The music industry has applauded the passage of the Music Modernisation Act in the US Senate by unanimous consent. It now just awaits final reconsideration by the House of Representatives (where it already passed by 415-0) and the signature of President Trump.
The legislation has seen wide support for its planned reform of the music licensing process, which would result in new technology and greater transparency to speed up royalty payments to music publishers and songwriters. It would also close a digital loophole for legacy recordings.
The legislation had been plain sailing until some last-minute wrangling over proposed amendments. However, an agreement was finally reached that saw the biz united on the reforms. Sirius XM also compromised after holding out on key points, which had prompted threats of an artist boycott.
Industry leaders and organisations have welcome the key vote in the Senate.
Martin Bandier, chairman and CEO of Sony/ATV Music Publishing, said: “The unanimous backing of the MMA by the US Senate shows what can be achieved when a diverse group of parties puts aside its differences and works together for the music industry’s greater good. This is a significant victory for all rights holders and we are confident that once the bill goes back to the House it will pass and become law shortly. It will go a long way to ensuring that songwriters and music publishers will be fairly compensated for their contribution to the streaming revolution, which has transformed music into a growth industry once again.”
The future of the music industry got brighter today
SoundExchange president and CEO, Michael Huppe, said: "The future of the music industry got brighter today. Creators of music moved one step closer to getting paid more fairly. And industry forces that fought to maintain an unfair and harmful status quo were rebuffed. Now, SoundExchange's 170,000-member community has just one word for the House of Representatives: Encore.
"The Music Modernisation Act proves what can happen when constructive industry leaders work together towards a greater good. The SoundExchange community joined a historic coalition of artists, labels, songwriters, music publishers, streaming services, performance rights organisations, producers, engineers and unions. The outcome of this collaboration is a law that sets a new framework to guide the future of the music industry. There are still issues regarding creator fairness that we need to address, but today we celebrate a new era of cooperation and progress across the industry.”

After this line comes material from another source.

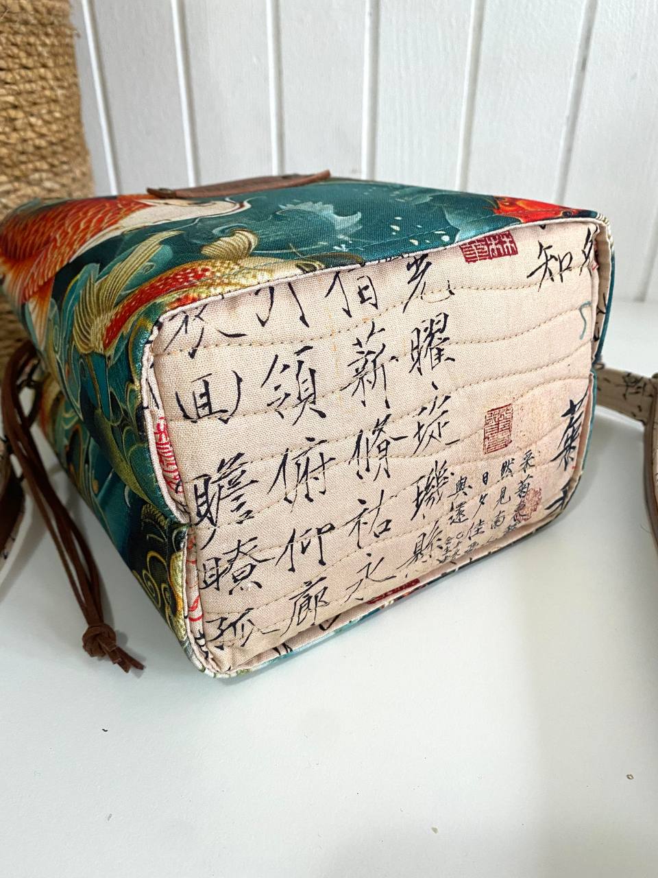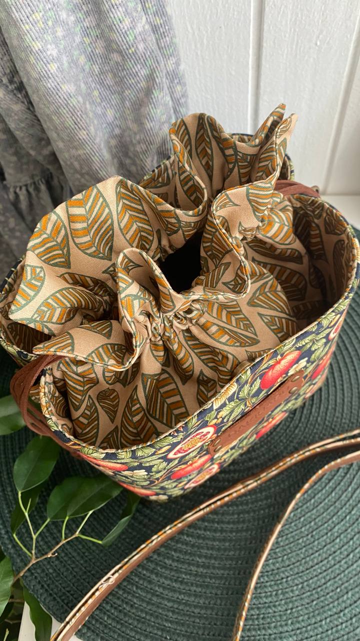Pamučna torba sa mehanizmom na zatezanje. Torba čvrsto drži svoj oblik. Ima dva spoljna džepa sa magnetnim kopčanjem i podesivi kaiš.

It follows a similar successful joint effort from the music business in Europe in lobbying for the EU Copyright Directive.

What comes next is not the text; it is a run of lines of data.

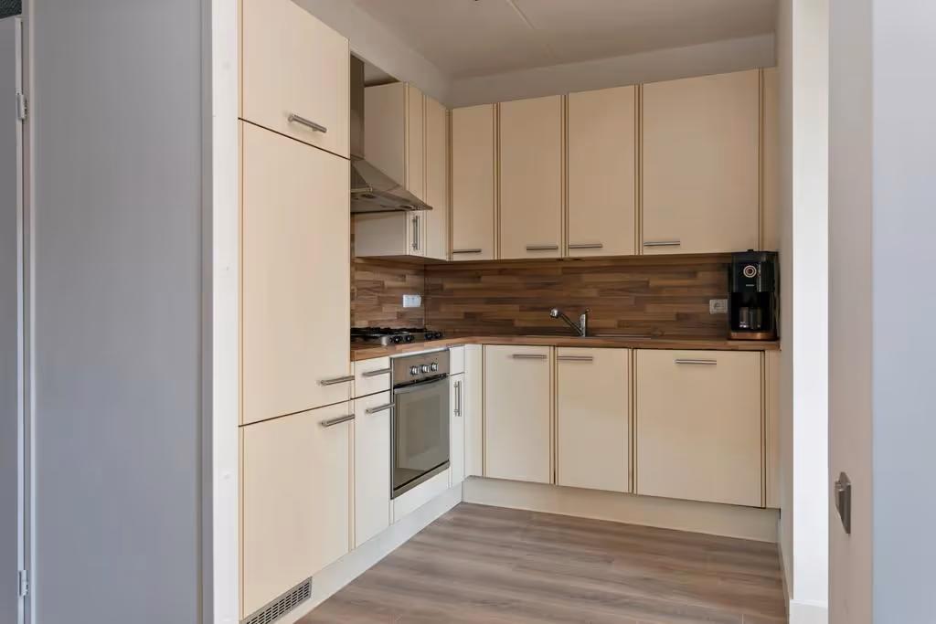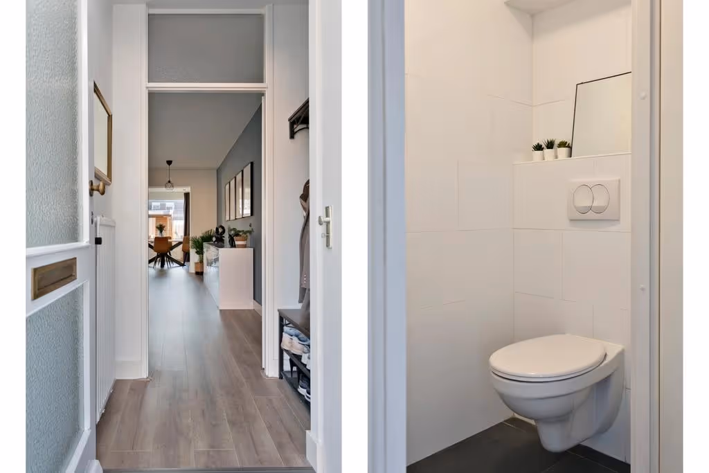 Entree in de ontvangsthal, met toegang naar woonkamer en meterkast. Deze woonkamer heeft een keurig niveau van afwerking en een mooie laminaatvloer. Aan de achterzijde is deze woonkamer uitgebreid met een aanbouw, waardoor je extra leefruimte hebt en de berging inpandig is geworden. De halfopen keuken heeft een hoekopstelling en de volgende inbouwapparatuur: koelkast, RVS wasemkap, 4-pits gasfornuis, oven en vaatwasser. Verder ligt op de begane grond de inpandige berging, met flink wat extra opbergruimte. Tenslotte zijn via een tussenhal de trapgang naar de 1e verdieping en het toilet gelegen.
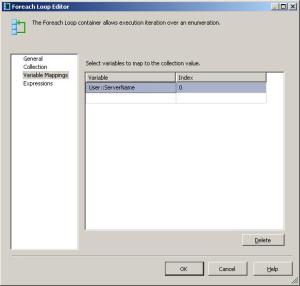 3. Select the variable User::ServerName and drag it into the Expression box.
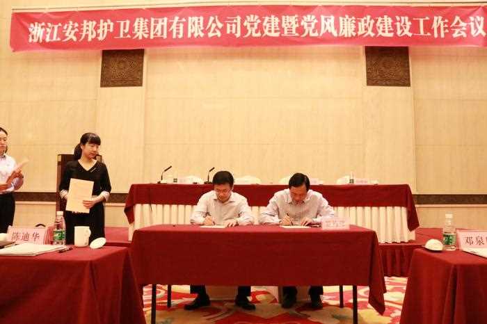 本次会议分两个阶段进行,上午以“勇立潮头话担当、国企改革当先锋”为主题的微型党课鸣锣开赛。来自各市安邦公司的10名参赛选手依次登台,他们从不同角度倾说对党的感情、对事业的忠诚、对担当的理解。下午的会议由集团公司党委委员、副总经理毛行立主持。各子公司党委书记分别就党建情况作述职报告。集团公司党委书记、董事长吴高峻与各子公司签订了党风廉政建设责任书,并就推进党建暨党风廉政建设工作发表了重要讲话。全省各子公司党委书记、纪委书记、党群工作者参加了此次会议。
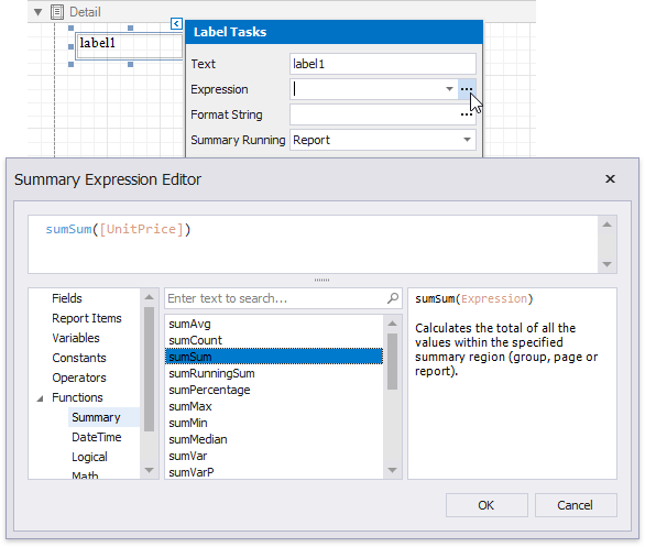 You can make the label display a summary function’s result by setting the Summary Running property to the required range and selecting the summary function in the Summary Expression Editor.
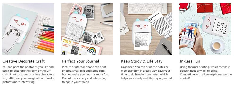 【Широкое использование 】Этот принтер подходит для печати черно-белых фотографий, заметок, обучения ручной работы, рабочих планов, списков покупок и других приложений, это важный подарок для влюбленных, друзей и членов семьи.

NMPA President and CEO David Israelite said: “Today is a momentous day for songwriters, artists, composers, producers, engineers and the entire industry that revolves around them. The Senate vote marks a true step forward towards fairness for the people at the heart of music who have long been undervalued due to outdated laws. This was a long and complex process but ultimately the music industry has come out stronger and more united than ever. We commend Senators Orrin Hatch, Lamar Alexander, Chuck Grassley and Senate Leadership for swiftly moving this bill to the floor. Now we anxiously await the House’s final approval of the MMA and seeing it signed into law.”
NMPA Board Chairman Irwin Robinson added: "The Senate's passage of the Music Modernisation Act is the most exciting development I've seen in my career. Songwriters have suffered long enough and this bill will allow them to be paid fairly by the streaming companies that rely on their work. We got to this point because of the advocacy of hundreds of music creators who rallied behind the MMA and who will drive the future of the music industry. I look forward to seeing the MMA become law and watching the songwriters, composers, artists and producers who will greatly benefit.”
Mike O’Neill, president & CEO, BMI, said: “The Senate’s unanimous passage of The Music Modernisation Act is a monumental step forward in getting this critical piece of legislation signed in to law. This bill has been the product of unprecedented collaboration across the entire industry, and we thank Senators Hatch, Alexander, Grassley, Feinstein, Whitehouse, Coons, and the entire Senate, for helping to ensure that songwriters and composers can continue to earn a living creating the music that is loved all over the world.”
Chris Harrison, CEO of DiMA, the Digital Media Association, which represents music streaming companies, said: “This milestone for the MMA demonstrates that with bipartisan leadership and a united music industry looking to the future, consumers, creators and copyright owners can all benefit.
“The MMA is a groundbreaking piece of legislation that will streamline royalty payments and bring some much-needed transparency to the system.
"Digital streaming and innovation have saved the music industry, delivering consumers better experiences and better value, and growing revenue for creators. With Senate passage of the MMA, we look forward to working with Members of the House in the coming days to send a strong bill to the President’s desk for his signature.”